当該構成によれば、駆動部は、発電部が設置されている被設置部に任意のタイミングで前記特定周波数の振動を与えることができる。これにより、確実に発電部に発電させて、発電部からセンサおよび無線通信部に必要な電力を供給させることができる。
【0007】
本発明の態様の1つは、前記駆動部は、前記工作機械においてワークの加工が行われない非加工時間に、前記被設置部に前記特定周波数の振動を与えるとしてもよい。
当該構成によれば、非加工時間を利用して被設置部に前記特定周波数の振動を与えることにより、確実に発電部に発電させることができる。
【0008】
本発明の態様の1つは、前記センサは温度センサであり、前記温度センサは、前記非加工時間に温度検出を実行するとしてもよい。
当該構成によれば、非加工時間を利用して、発電部による発電と、当該発電された電力による温度センサの動作(温度検出)とを行うことができる。
【0009】
本発明の態様の1つは、前記センサは加速度センサであり、前記加速度センサは、前記ワークの加工が行われる加工時間に加速度検出を実行するとしてもよい。
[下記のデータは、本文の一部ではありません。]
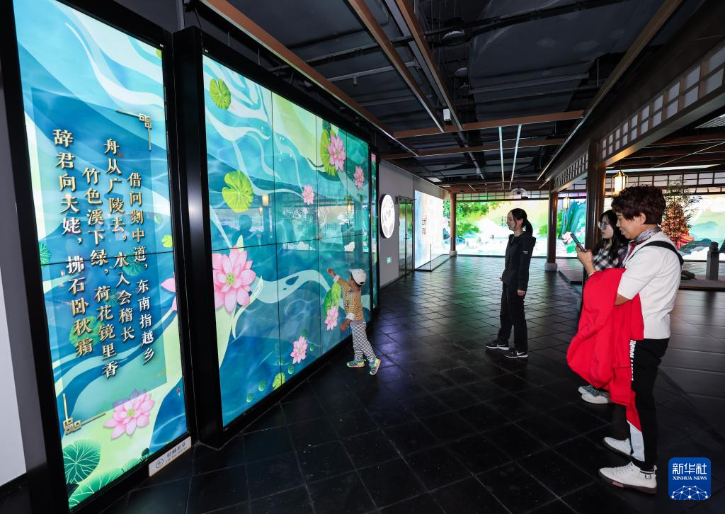 10月11日,游客在大運河數字詩路e站內觀看數字化呈現的大運河相關詩詞及景色。

当該構成によれば、発電部による発電を行いつつ、当該発電された電力を利用して加工時間中に加速度センサによる加速度検出を行うことができる。
【0010】
本発明の技術的思想は、工作機械という物以外によっても実現される。
例えば、特定周波数で振動することにより発電して所定のセンサおよび無線通信部に電力を供給する発電部が設置された、工作機械の被設置部に、前記特定周波数の振動を与える加振工程を含む工作機械の制御方法を、一つの発明として把握することができる。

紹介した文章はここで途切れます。